Stanford students: Don’t live off-campus in the Bay Area

July 27, 2020, 12:40 p.m.

As Stanford decides the final form of its academic system in the wake of COVID-19, thousands of students are left in limbo, having to decide where to reside during their designated off-campus quarters. For many, the Bay Area appears to be an intuitive option. The Bay Area is familiar. It’s a place with character and things to do. It’s conveniently close to campus. Plus, it would be fun to spend a few months living with friends. Innocent, right?

Not even close.

In this article, we provide an introduction to our history and place in the larger Bay Area — both the region and its people who are deeply afflicted by some of the nation’s worst patterns of mass gentrification and displacement — and we seek to answer the question: what does this regional problem have to do with us as students? This article is not intended as a moral judgment, but rather as an honest reflection on our reality as Stanford students.

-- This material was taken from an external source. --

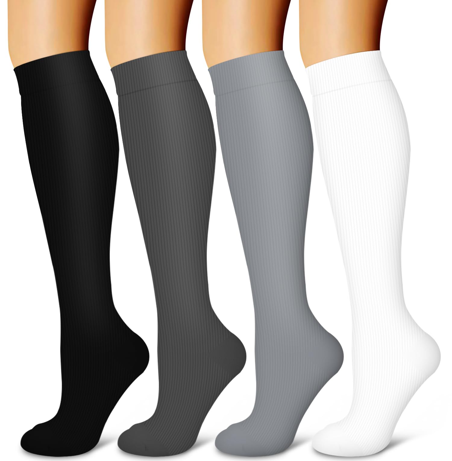 4 PAIRS OF UNISEX -Our compression socks are made up of high-quality Lycra fiber.The design is ergonomic to give ultimate comfort.You can best describe them in two words:flexible and durable. Affordable prices without sacrificing comfort, quality, and fashion.High performance material and temperature control,keeping your muscles cool during workouts and warm during rest.You can expect them to alleviate any mild leg pain and swelling that hinders a productive -free day.

Beginning with terminology, gentrification refers to a process of neighborhood change — a generalized restructuring of place, encompassing the transformation of low-status neighborhoods to upper-middle-class playgrounds. Displacement occurs when housing or neighborhood conditions, physical and economic, force people to move against their will, often leaving behind key resources like community structures (i.e extended family) and employment, depending on the severity of the displacement. Lastly, while they are distinct, race and class are intertwined in these phenomena, as neighborhoods that have undergone gentrification typically see major changes in both socioeconomic and racial demographics

Beyond terminology, it is critical to understand that these words alone do not fully illustrate the suffering and instability caused by gentrification and displacement. It’s not simply a matter of rising housing costs, but also of families becoming homeless, of people constantly starting over in the face of markets and policies far bigger than themselves. Throughout this discussion we must also recognize that these patterns of homelessness, the shattering of communities and the loss of stability are not distributed proportionately across racial demographics, introducing a critical nuance that those who claim “color blindness” fail to recognize. For further reading, we highly recommend this article that demonstrates the tangible effects of gentrification and displacement through the story of Naseem, an Oakland elementary student.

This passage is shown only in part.